In the 1940s, he invented and patented an early home audiovisual system called Cinevision Talkies. Each package contained a 78 rpm record with four of his songs and 15 35 mm slides. The slides were to be projected in order and advanced each time a short tone played on the record during the songs. An inside cover of the record album was white so those with no projector and screen could simply shine a flashlight through the slides and view them on the cover. He also devised more than a dozen clever uses for a common wire clothes hanger and demonstrated several of them during a TV show guest appearance.
Publicity and promotion
Hollywood stars usually left their publicity and promotion to the studios that employed them, but Smiley Burnette took charge of his promotion personally. He was highly aware of his box-office value and shrewdly merchandised his name and likeness. He organized a national Smiley Burnette Fan Club, aimed mostly at the juvenile audience, and sold autographed photos and souvenirs to club members. He made additional money by making personal appearances at theaters showing his films. Burnette’s base of operations was Springfield, Missouri, where he produced and hosted a nationally syndicated 15-minute radio program, The Smiley Burnette Show, through RadiOzark Enterprises. He also made regular appearances on ABC-TV’s Ozark Jubilee from Springfield.
Gene Autry retired from motion pictures in 1953, and other cowboy stars had either left the movies or were winding down their screen careers. With the studios no longer interested in making B Westerns, Burnette turned to broadcasting and made guest appearances on many country music radio and TV shows, including Louisiana Hayride, the Grand Ole Opry, and Ranch Party.

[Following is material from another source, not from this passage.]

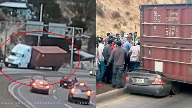 Видеокамера, установленная службой дорожной безопасности на оживлённой трассе в населённом пункте Эль Дурасно (Крус Арриба, Гондурас), 10 марта зафиксировала момент опрокидывания контейнера на легковушку. По сообщениям местных СМИ, владельцу легкового автомобиля повезло и он пережил столкновение и дождался когда спасатели освободят его из заблокированного транспортного средства, в салоне которого, к счастью, во время аварии никого больше не было. Полицейские, отправив водителя в больницу, принялись расследовать инцидент.
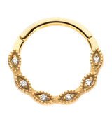 Golden hinged segment ring made from gold pvd on 316L stainless steel with a twisted, beaded marquise clear cz design. Size is 16G. Choose your inner diameter size: 5/16" (8mm), 3/8" (10mm). The hinged design makes this piece easy to insert and remove. Sold individually (1pc).

In early 1957, when quiz shows were popular, he filmed a pilot for a proposed ABC-TV series to originate from Springfield called Pig ‘N Poke, a quiz show with a country theme, although ABC did not buy the show.
Burnette enjoyed cooking, and in the 1950s, he opened a restaurant chain called The Checkered Shirt, the first of the A-frame drive-ins. The first location was in Orlando, Florida, and two locations still exist in California (Redding and Escondido), though they are no longer owned by the Burnette family.
As the 1960s began, Burnette continued to make personal appearances at drive-ins, fairs, hospitals, town squares, and rodeos. Among other venues, he once appeared with Dewey Brown and the Oklahoma Playboys at a Friday-night dance at Jump’s Roller Rink in Fairfax, Oklahoma.
In the mid 1960s, he portrayed railway engineer Charley Pratt on the CBS-TV programs Petticoat Junction (106 episodes) and Green Acres (seven episodes).
Just after filming wrapped for the fourth season of Petticoat Junction, Burnette became ill. On February 16, 1967, a month before his 56th birthday, he died in Encino, California, from leukemia and was interred in Forest Lawn Memorial Park in Hollywood Hills, California.
Burnette donated his original hat and shirt to the Cowboy Hall of Fame in Oklahoma City, Oklahoma, in 1962. In 1971, he was inducted posthumously into the Nashville Songwriters Hall of Fame.
For his contributions to the film industry, Burnette was inducted posthumously into the Hollywood Walk of Fame in 1986 with a motion pictures star located at 6125 Hollywood Boulevard. In 1998, he was inducted into the Western Music Association. On May 5, 2012, he was inducted into the Cowtown Society of Western Music Hall of Fame as a Hero.
Burnette is mentioned in the Statler Brothers’ 1973 country music hit “Whatever Happened to Randolph Scott?” (later the title of a 1994 Scott biography), which reached number 22 on the country chart.